──────── GIVEN INFORMATION

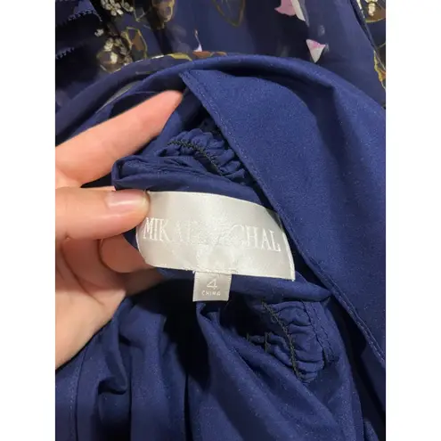 Elegant navy blue floral ruffle midi dress by Mikael Aghal. Features tiered layers, long sleeves with ruffle cuffs, and a smocked waist for a flattering silhouette. Tassel tie detail at the neckline adds a chic touch. Brand: Mikael Aghal Size: 4 (see measurements below) Color: Navy with pink floral print Style: Ruffle tiered midi dress with tassel neckline tie Lined body, sheer sleeves Approx. length: 36" shoulder to hem Approx. pit to pit: 21" Material: Polyester blend (feels like chiffon) Made in China Condition: Pre-owned. Overall in good condition, but there is a small seam separation under the arm (see last photos). Still wearable as is, or could be repaired. Priced accordingly.
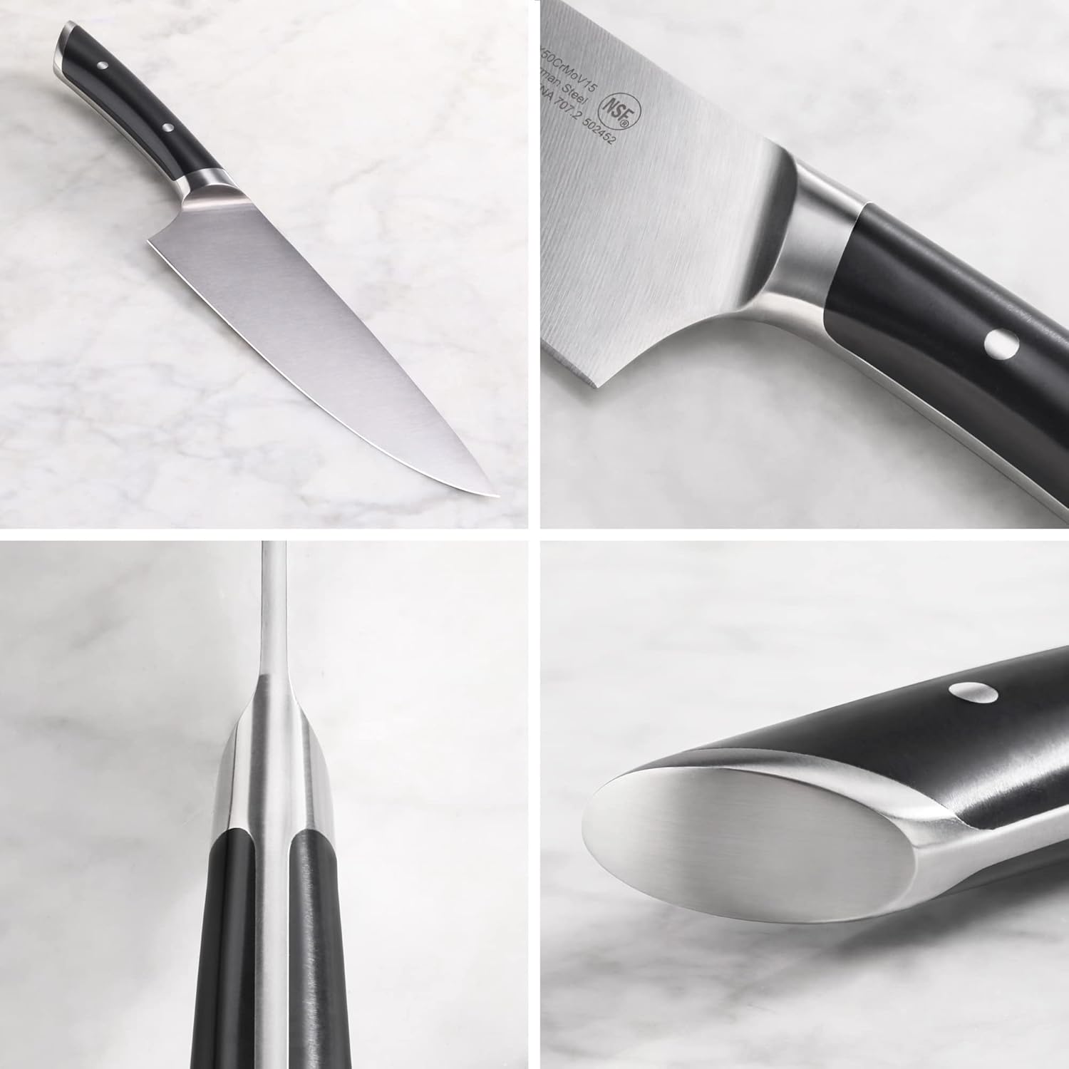 - Handcrafted, full-tang knives forged from tight-grained, German X50CrMoV15 steel for incredible durability, stain resistance, and edge retention. Blades are sharpened to a precise 16-degree angle.
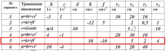 ДЗ 1: Кинематика точки и простейших движений твердого тела вариант 5
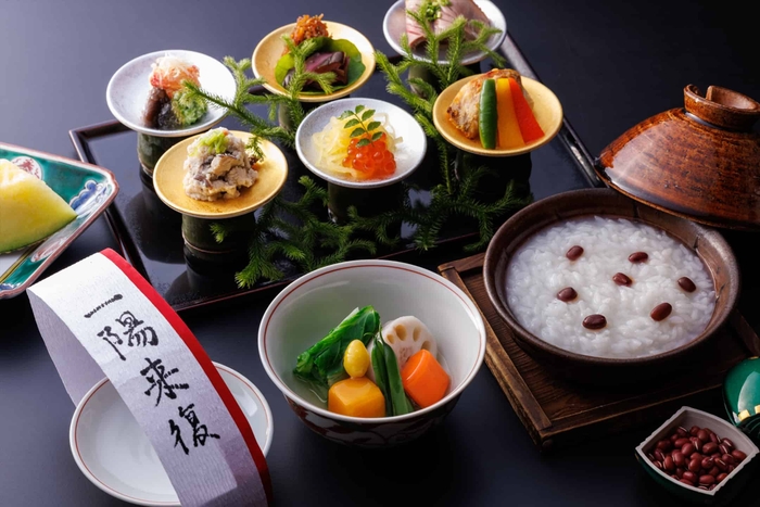 大祓え当日の朝には厄除け開運朝食を食べて、身体を内側から浄めます。赤い色に厄除けの意味があるとされる小豆の五穀粥や、語尾に「ん(運)」がつくことで縁起が良いとされる野菜の炊合せ「七福寄せ」*2を食べて、運気を向上させます。七福寄せの器を包む帯に書かれた「一陽来復(いちようらいふく)」とは、悪いことがしばらく続いた後に良いことが起こるという意味です。食前食後には神職が普段用いている感謝詞(かんしゃのことば)*3を読み上げ、厄除け開運朝食を食べることで、身体を内側から浄めます。

────────────────

__WHAT IS NEEDED__
Apart from the pictures, restate all of the listing above exactly.

__TASK RESPONSE__
 Elegant navy blue floral ruffle midi dress by Mikael Aghal. Features tiered layers, long sleeves with ruffle cuffs, and a smocked waist for a flattering silhouette. Tassel tie detail at the neckline adds a chic touch. Brand: Mikael Aghal Size: 4 (see measurements below) Color: Navy with pink floral print Style: Ruffle tiered midi dress with tassel neckline tie Lined body, sheer sleeves Approx. length: 36" shoulder to hem Approx. pit to pit: 21" Material: Polyester blend (feels like chiffon) Made in China Condition: Pre-owned. Overall in good condition, but there is a small seam separation under the arm (see last photos). Still wearable as is, or could be repaired. Priced accordingly.
 - Handcrafted, full-tang knives forged from tight-grained, German X50CrMoV15 steel for incredible durability, stain resistance, and edge retention. Blades are sharpened to a precise 16-degree angle.
 ДЗ 1: Кинематика точки и простейших движений твердого тела вариант 5
 大祓え当日の朝には厄除け開運朝食を食べて、身体を内側から浄めます。赤い色に厄除けの意味があるとされる小豆の五穀粥や、語尾に「ん(運)」がつくことで縁起が良いとされる野菜の炊合せ「七福寄せ」*2を食べて、運気を向上させます。七福寄せの器を包む帯に書かれた「一陽来復(いちようらいふく)」とは、悪いことがしばらく続いた後に良いことが起こるという意味です。食前食後には神職が普段用いている感謝詞(かんしゃのことば)*3を読み上げ、厄除け開運朝食を食べることで、身体を内側から浄めます。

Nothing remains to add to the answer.